“You’re building,” Dad always said. “Foundations take support.”
His name was Daniel Vale, and he owned a regional office furniture company that he had built from a warehouse and one delivery truck. He was not flashy. He still drove an eight-year-old Toyota and wore the same brown leather belt until my mother threatened to throw it away. But he understood money in the way people do when they have earned it slowly: as a tool, not a personality.
My mother, Grace, was softer but sharper than people expected. She made tea when things went wrong and remembered every lie anyone had ever told her.
They liked Fabian at first.
Mom liked that he brought flowers the first time he came to dinner. Dad took longer. He asked Fabian about work, savings, goals. Fabian answered smoothly, speaking in polished little paragraphs about growth, opportunity, scaling his client base. Dad watched him over his coffee mug and said very little.
Later, I asked, “You don’t like him?”
Dad shook his head. “I didn’t say that.”
“You didn’t have to.”
He smiled faintly. “I’m just learning him.”
Eventually, Fabian seemed to win him over. They played golf twice. Fabian started asking Dad thoughtful questions about his company. He called him “sir” in a way that sounded respectful, not performative. My parents relaxed. I relaxed. For almost a year, I let myself believe I had chosen well.
Then Fabian’s parents started coming around.

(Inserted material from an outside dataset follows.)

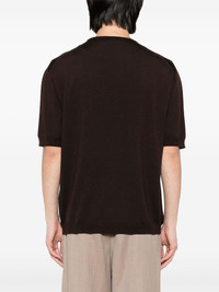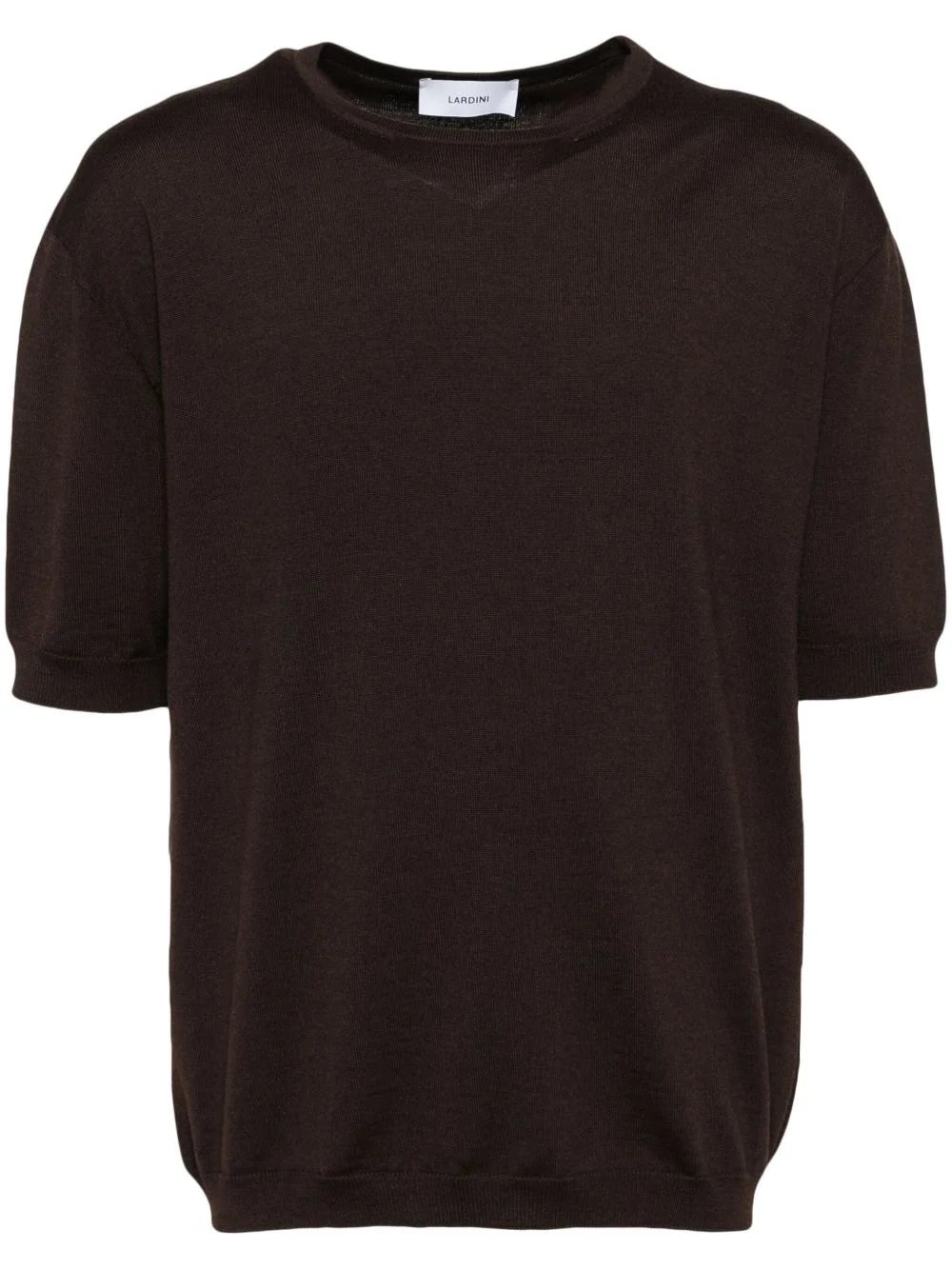 knitted T-shirt Highlights - Coffee brown - Wool blend - Knitted construction - Crew neck - Short sleeves - Ribbed cuffs and hem Made in Italy Composition Body: Wool 75% Silk 20%, Cashmere 5% SIZE & FIT Model measurements Height 6 ft 2 in(1.87 m) Bust/Chest 33.07 in(84 cm) Hips 35.43 in(90 cm) Waist 26.77 in(68 cm) FittingInformation Designed to be unstructured, offering a loose fit throughout The ribbed hem offers a close, comfortable fit Made with a midweight knit, this piece offers some stretch

Lydia and Arthur Cross lived about an hour away in a beige suburban house with fake shutters and a living room no one seemed allowed to sit in comfortably. Lydia was elegant in a brittle way, always wearing lipstick, always touching my arm when she spoke. Arthur was quieter, with watchful eyes and a permanent air of mild disappointment. They complimented everything too much. My apartment. My cooking. My curtains. My father’s generosity.
The first time Lydia teared up at my dining table, I thought she was sentimental.
“You have such a warm home, Eleanor,” she said, dabbing the corner of her eye. “It’s been so long since we felt like a real family.”
Arthur nodded. “Fabian is golden, you know. He just needed the right woman beside him.”
I smiled because I did not know what else to do.
Now, looking back, I understand that people tell you what they want from you if you stop mistaking intensity for affection.
Fabian began making little comments. Jokes, at first.
“Your dad really takes care of you, huh?”
“Must be nice having a safety net.”
“Not every guy gets lucky enough to fall in love with a woman whose father understands business.”
When I frowned, he kissed my forehead.
“I’m teasing, El. Don’t get serious.”
But I started noticing patterns. Whenever we visited my parents and money came up, Fabian leaned forward. Whenever Dad mentioned expansion plans, Fabian asked questions too detailed for casual conversation. When my father helped me replace my aging laptop for work, Fabian texted his mother before he even congratulated me.